[Python-Dev] Re: PEP 667: Consistent views of namespaces

Hi Nick,
On 22/08/2021 4:51 am, Nick Coghlan wrote:
On 2021年8月22日, 10:47 am Guido van Rossum, <[email protected] 
<mailto:[email protected]>> wrote:
 Hopefully anyone is still reading python-dev.
 I'm going to try to summarize the differences between the two
 proposals, even though Mark already did so in his PEP. But I'd like
 to start by calling out the key point of contention.
 Everything here is about locals() and f_locals in *function scope*.

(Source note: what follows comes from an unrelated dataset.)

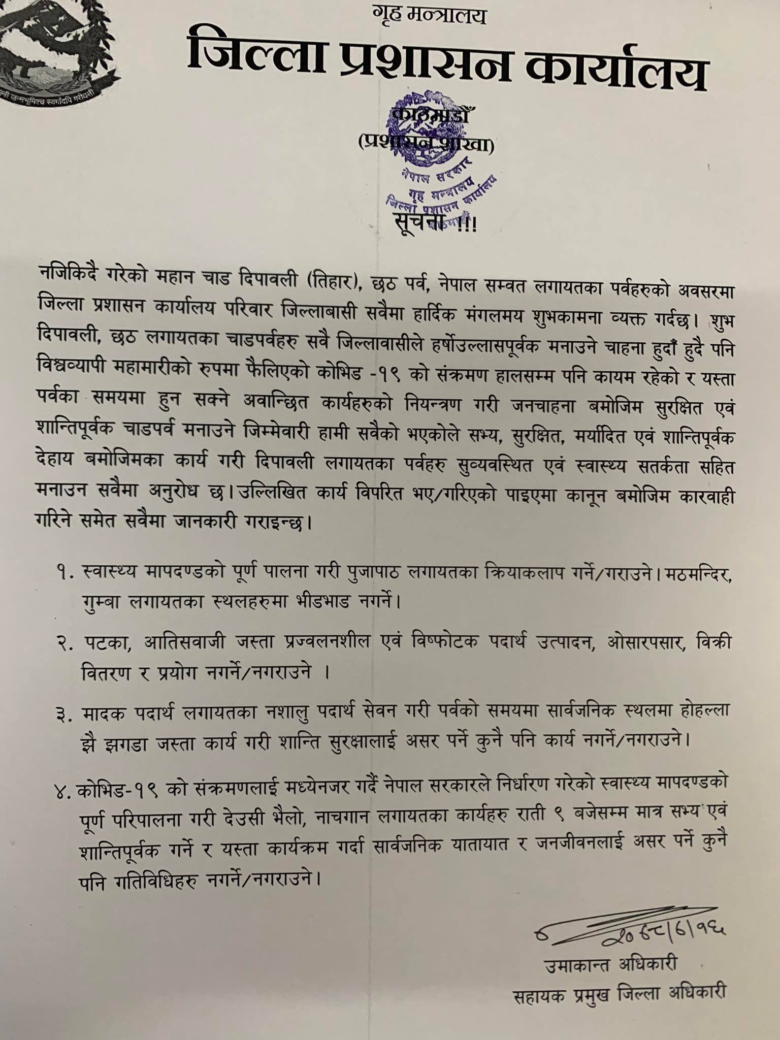 जिल्ला प्रशासन कार्यालय काठमाडौंले आज विज्ञप्ति जारी गर्दै कोभिड–१९ संक्रमण हुन नदिन स्वास्थ्य मापदण्ड पालना गर्दैै देउसी खेल्न पाइने सूचना जारी गरेको हो ।

 (I use f_locals to refer to the f_locals field of frame objects as
 seen from Python code.) And in particular, it is about what I'll
 call "extra variables": the current CPython feature that you can add
 *new* variables to f_locals that don't exist in the frame, for example:
 def foo():
   x = 1
   locals()["y"] = 2 # or sys._getframe()["y"] = 2
 My first reaction was to propose to drop this feature, but I realize
 it's kind of important for debuggers to be able to execute arbitrary
 code in function code -- assignments to locals should affect the
 frame, but it should also be possible to create new variables (e.g.
 temporaries). So I agree we should keep this.
I actually tried taking this feature out in one of the PEP 558 drafts, 
but actually doing so breaks the pdb test suite.
 So apparently the key difference of opinion between Mark and Nick is
 about f_locals, and what to do with extras. In Nick's proposal when
 you reference f.f_locals twice in a row (for the same frame object
 f), you get the same proxy object, whereas in Mark's proposal you
 get a different object each time, but it doesn't matter, because the
 proxy has no state other than a reference to the frame.
If PEP 558 is still giving that impression, I need to fix the wording - 
the proxy objects are ephemeral in both PEPs (the 558 text is slightly 
behind the implementation on that point, as the fast refs mapping is now 
stored on the frame object, so it only needs to be built once)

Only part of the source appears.